Dalgliesh dejó que Kate y Benton condujeran la conversación durante la mayor parte de la noche.

– La señorita Westhall dice que no habló con nadie sobre las sospechas de Boyton de que ellos habían falsificado la fecha de la muerte de su padre -dijo Benton-. Parece lógico. Pero Boyton se lo había confiado a alguien, en la Mansión o en Londres. En cuyo caso esa persona podría haber utilizado esa información para matarlo y luego contar más o menos la misma historia que la señorita Westhall.

El tono de Kate fue tajante.

– Me cuesta imaginar a nadie de fuera matando a Boyton, londinense o no. De esta manera, al menos. Pensemos en los aspectos prácticos. Habría tenido que concertar una cita con su víctima en la Casa de Piedra una vez seguro de que los Westhall no estaban allí y de que la puerta estaría abierta. ¿Qué excusa podía dar para atraer a Boyton hasta la casa vecina? ¿Y por qué matarlo allí en todo caso? Londres habría sido más sencillo y seguro. Cualquier habitante de la Mansión se habría topado con las mismas dificultades. Sea como fuere, no tiene sentido hacer conjeturas hasta que no tengamos el informe de la autopsia. A primera vista, el accidente parece una explicación más verosímil que el asesinato, sobre todo teniendo en cuenta la declaración de los Bostock sobre el gran interés de Boyton en el congelador, lo que da cierto crédito a la explicación de la señorita Westhall… siempre y cuando, claro, no estén mintiendo.

Intervino Benton.

– Pero usted estaba allí, señora. Estoy seguro de que no mentían. No creo que particularmente Kim tenga ingenio suficiente para inventarse una historia así y contarla de forma tan convincente. Yo me quedé totalmente convencido.

– En aquel momento también yo, pero no debemos cerrarnos a ninguna posibilidad. Y si esto es un asesinato, no un simple percance, ha de estar ligado a la muerte de Rhoda Gradwyn. Dos asesinos en la misma casa al mismo tiempo es algo difícil de creer.

– Pero a veces ha sucedido, señora -dijo Benton con calma.

– Si nos atenemos a los hechos -dijo Kate- y de momento pasamos por alto los motivos, las claras sospechosas son la señorita Westhall y la señora Frensham. ¿Qué estaban haciendo realmente en estas dos casas, abriendo armarios y luego el congelador? Es como si supieran que Boyton estaba muerto. ¿Y por qué hacían falta las dos para buscar?

– Al margen de cuáles fueran sus intenciones -dijo Dalgliesh-, no trasladaron ahí el cadáver. Todo indica que murió donde fue encontrado. No considero las acciones de las dos tan extrañas, Kate. Cuando está en tensión, la gente se comporta de forma irracional, y ambas mujeres estaban estresadas desde el sábado. Quizá temían inconscientemente una segunda muerte. Por otro lado, tal vez una de ellas necesitó asegurarse de abrir el congelador.
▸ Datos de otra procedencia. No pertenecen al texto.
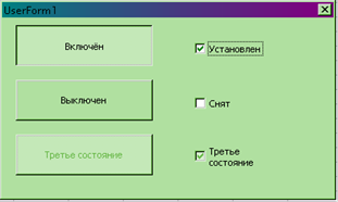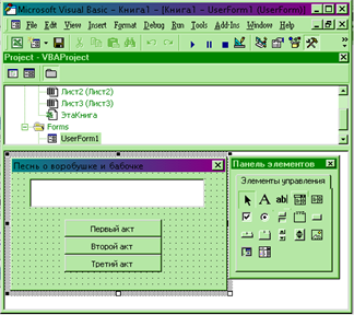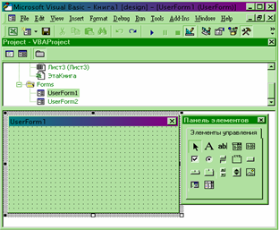 VВА обладает встроенным набором элементов управления. Используя этот набор и редактор форм не трудно создать любой пользовательский интерфейс, который будет удовлетворять всем требованиям, предъявляемым к интерфейсу в среде Windows. В данной главе дан обзор встроенных элементов управления VBA. Элементы управления являются объектами. Поэтому, как любые объекты, они обладают свойствами, методами и событиями. Элементы управления создаются при помощи панели инструментов Элементы управления (Control Toolbox). На этой панели представлены кнопки, позволяющие конструировать элементы управления, а также кнопки вызова окна свойств, перехода в режим конструктора и редактор кода.

Un acto muy lógico si hasta entonces la búsqueda había sido minuciosa.

– Asesinato o no -dijo Benton-, las huellas dactilares no nos servirán de mucho. Las dos abrieron el congelador. Una de ellas quizá tuvo buen cuidado de hacerlo. ¿Habría habido huellas en todo caso? Noctis llevaría guantes.

Kate se estaba impacientando.

– No si estaba empujando a Boyton vivo al interior del congelador. ¿No te habría parecido un poco raro si tú hubieras sido Boyton? ¿Y no es prematuro empezar a usar la palabra Noctis? No sabemos si fue un asesinato.
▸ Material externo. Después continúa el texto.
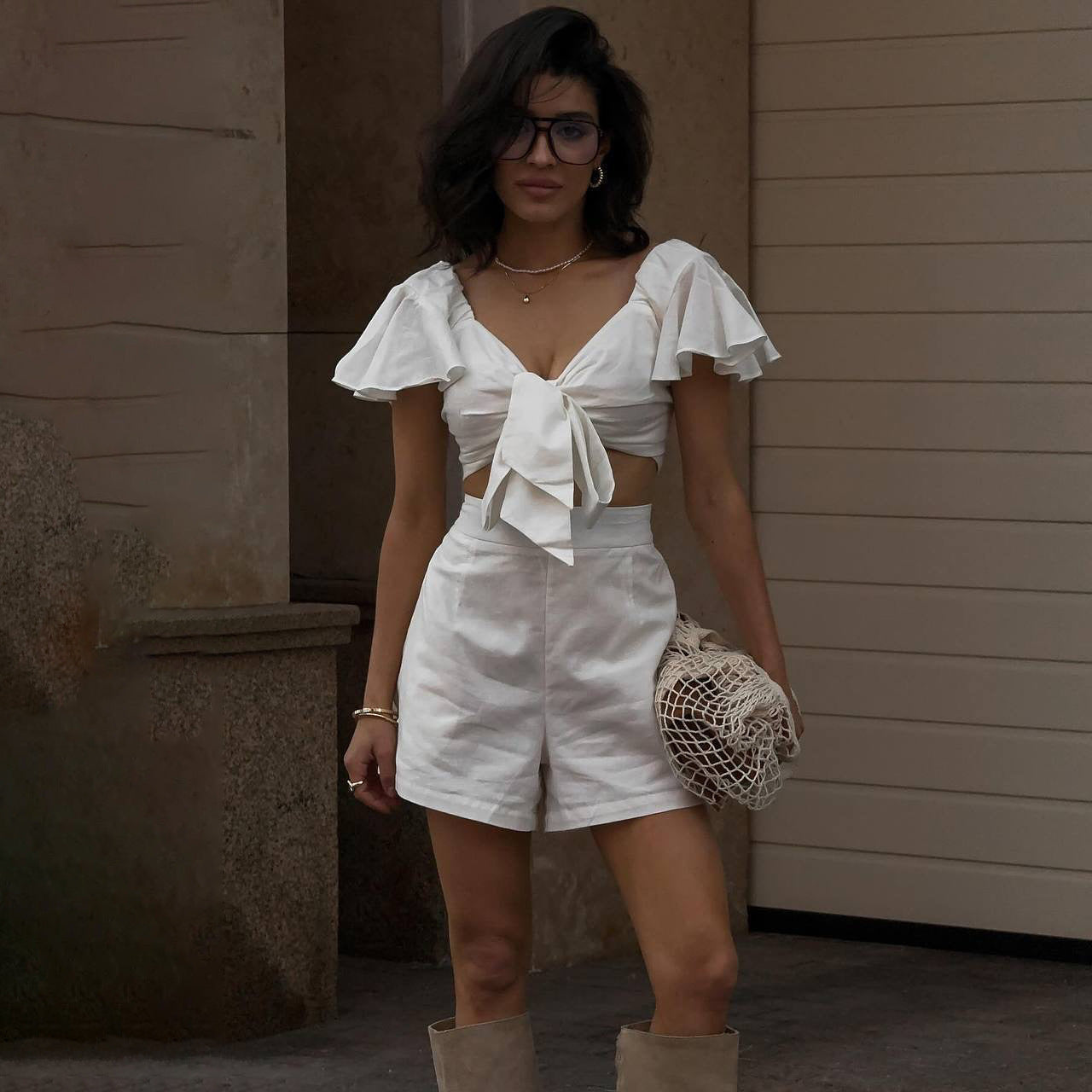 Popularan beautiful women's fashion v-neck waist flying sleeves bow top high waist shorts set niche fresh casual

Los tres estaban cada vez más cansados. El fuego empezaba a apagarse, y Dalgliesh decidió que ya era hora de terminar. Mirando atrás, tuvo la sensación de que estaba viviendo un día que no se acababa nunca.

– Sería cuestión de acostarse relativamente temprano -dijo-. Mañana hay mucho que hacer. Yo me quedaré aquí, pero quiero que tú, Kate, y Benton interroguéis al socio de Boyton. Al parecer, éste se estaba alojando en Maida Vale, de modo que sus papeles y pertenencias deberían estar allí. No vamos a llegar a ningún sitio hasta que no sepamos qué clase de hombre era y, si es posible, por qué estaba aquí. ¿Habéis podido concertar ya una cita?

– Puede vernos a las once, señor -dijo Kate-. No he dicho quiénes vamos. Él ha dicho que cuanto antes mejor.

– Muy bien. A las once en Maida, pues. Hablaremos antes de que os marchéis.

Por fin la puerta se cerró tras ellos. Colocó el guardallamas frente al agonizante fuego, se quedó un momento mirando fijamente los últimos parpadeos, y luego subió cansinamente las escaleras y se acostó.